-- EXERCISE PROMPT --
Where the data below begins, start retyping exactly, and end on the line with "Génial, tu fais", which is included; no picture goes in.

-- INPUT FOR THIS TASK --
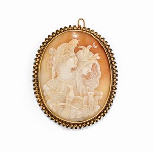 di forma ovale con cammeo scolpito in altorilievo su conchiglia a profili femminili, vetro al retro. Peso g [..]
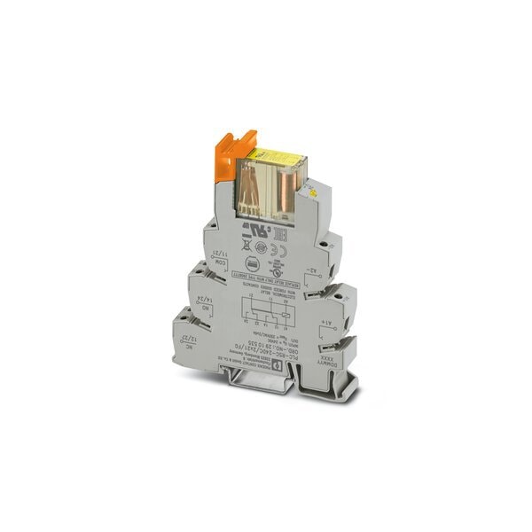 PLC-INTERFACE consisting of a relay base and plug-in safety relay with force-guided contacts in accordance with DIN EN 61810-3 Screw connection 2 changeover contacts forcibly actuated Input voltage: 24 V DC
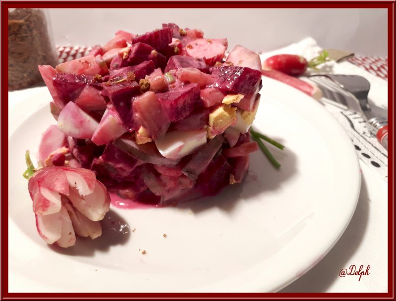 Génial, tu fais coup double aujourd’hui, je n’arrive plus à savoir l’ingrédient du mois. Dommage car j’aime bien ce jeu 🙂 J’en ai fait aussi des salades russes, bielorusses, polonaises ….Une même base ou presque mais la nationalité différente. Super, gros bisous Delphine
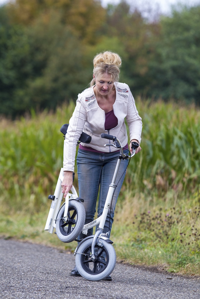 Le City, le cycle déambulateur de Van Raam, est idéal pour les personnes ayant des difficultés à marcher ou à rester debout pendant une longue période sans pour autant avoir besoin d’un fauteuil roulant ou sans être séduit par l’idée d’utiliser un déambulateur. Grâce à la selle du cycle déambulateur City, le poids de votre corps est réparti, ce qui soulage les articulations de vos jambes et facilite la marche, vous permettant ainsi de parcourir de plus longues distances sans effort. De plus, le City est un cycle déambulateur pliant et ultra léger, vous pouvez donc facilement le transporter dans votre voiture, dans le bus ou dans le train.
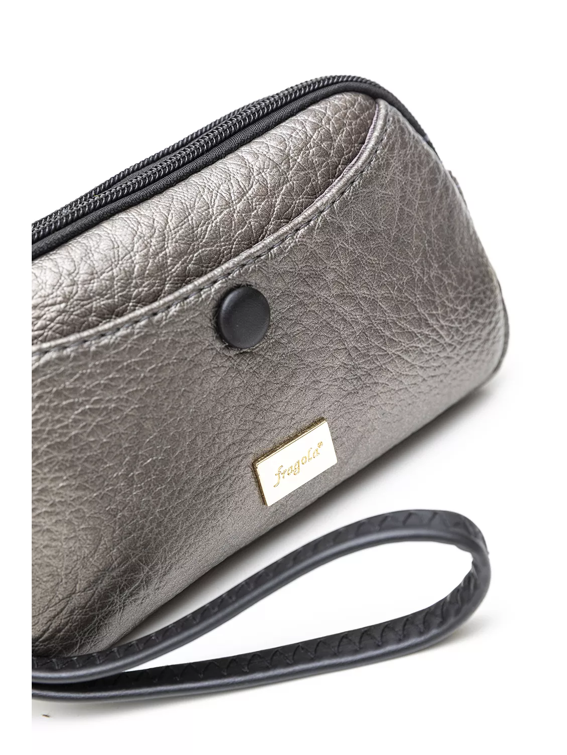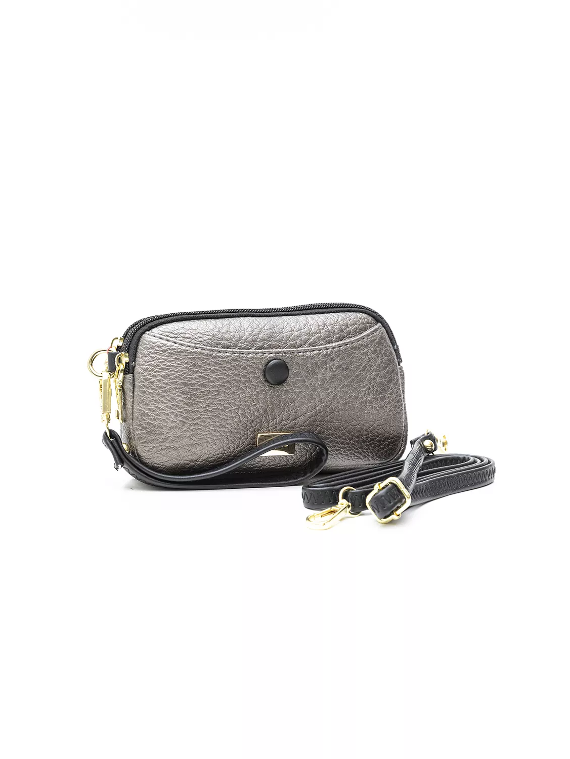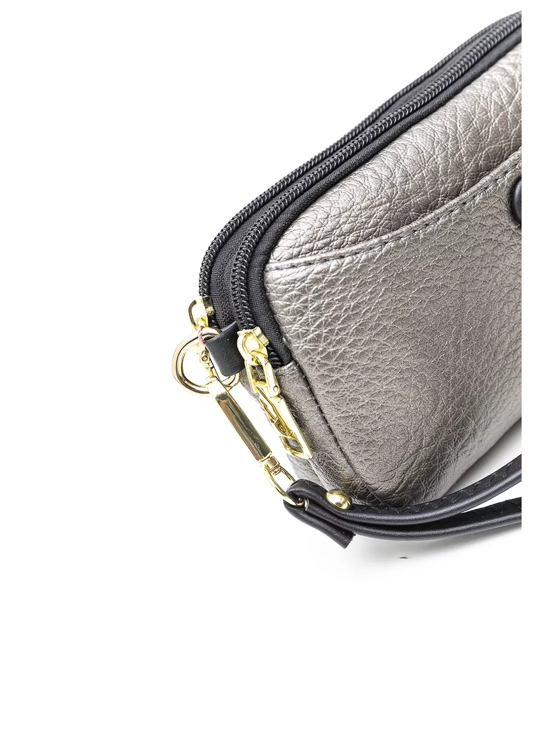Πορτοφόλι με δύο θήκες που κλείνουν με φερμουάρ. Στη φόδρα εσωτερικά τους θα βρείτε έξτρα μια μικρή θήκη με φερμουάρ και μια χωρίς. Στο μπροστά μέρος της τσάντας υπάρχει έξτρα θήκη που κλείνει με μαγνητικό μπουτόν. Διαθέτει κοντό χεράκι για τον καρπό.
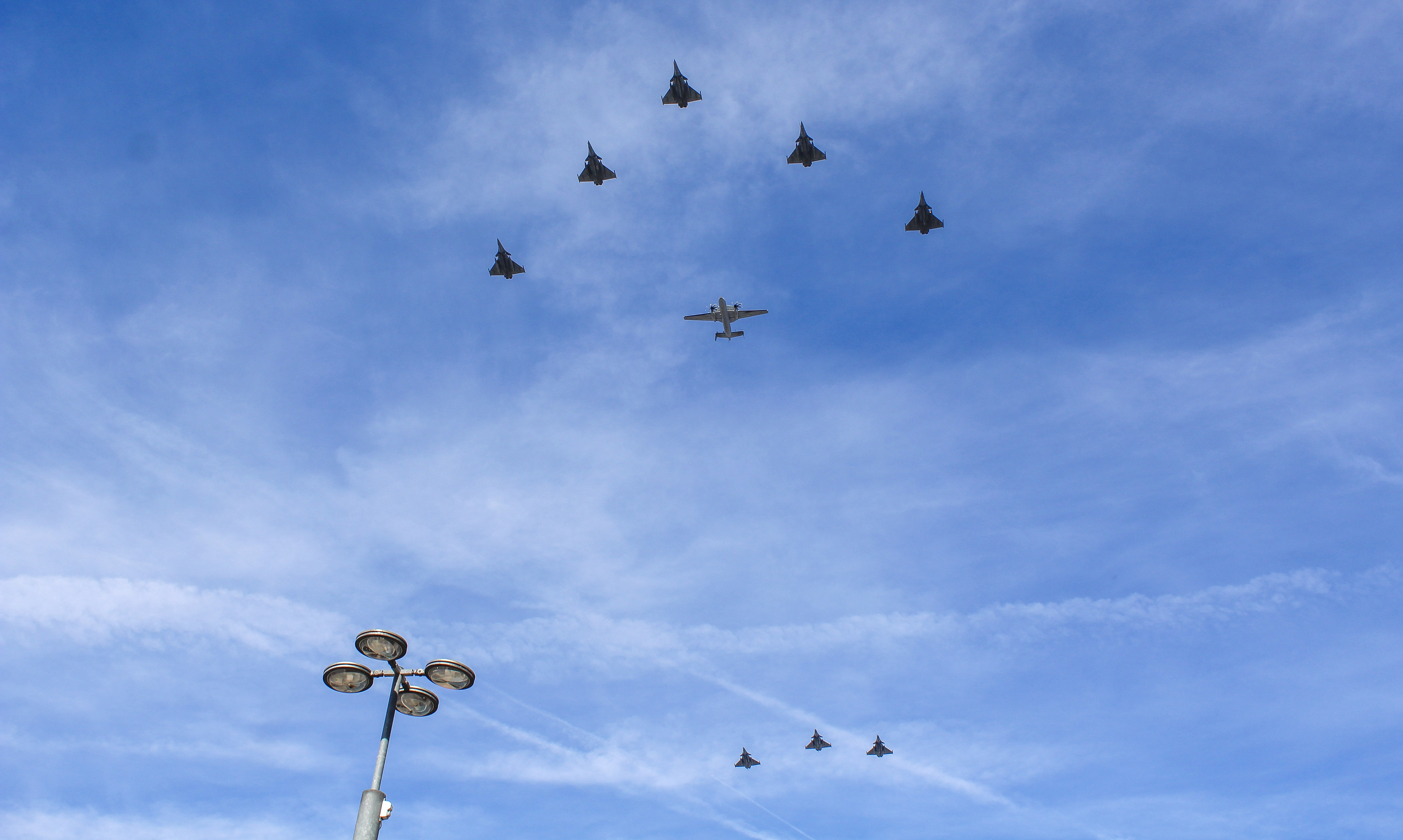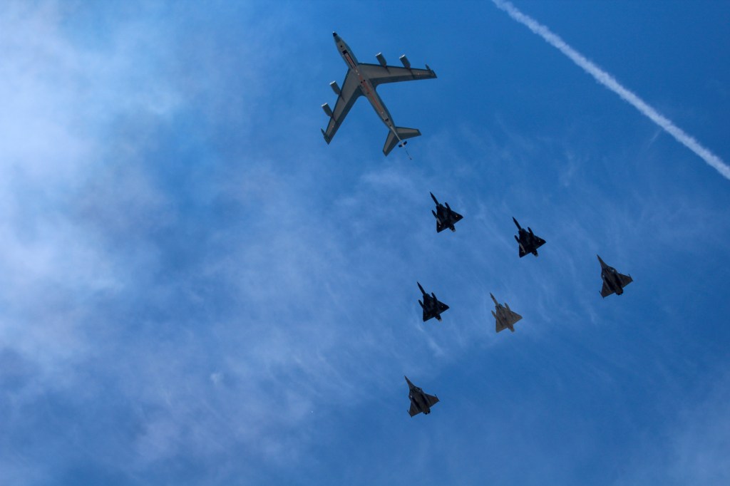 Après les avions de l’Armée de l’Air et de l’Espace, c’est la Marine Nationale qui a pris le relais avec un groupe aérien embarqué, composé notamment d’un Hawkeye au centre. Cet avion de surveillance aérienne est embarqué à bord de porte-avions. Il est entouré ici de 8 Rafales M (M pour Marine, ces Rafales sont capables d’être catapultés par le train avant, depuis le pont d’un porte-avion).

-- RESULT --
 di forma ovale con cammeo scolpito in altorilievo su conchiglia a profili femminili, vetro al retro. Peso g [..]
 PLC-INTERFACE consisting of a relay base and plug-in safety relay with force-guided contacts in accordance with DIN EN 61810-3 Screw connection 2 changeover contacts forcibly actuated Input voltage: 24 V DC
 Génial, tu fais coup double aujourd’hui, je n’arrive plus à savoir l’ingrédient du mois. Dommage car j’aime bien ce jeu 🙂 J’en ai fait aussi des salades russes, bielorusses, polonaises ….Une même base ou presque mais la nationalité différente. Super, gros bisous Delphine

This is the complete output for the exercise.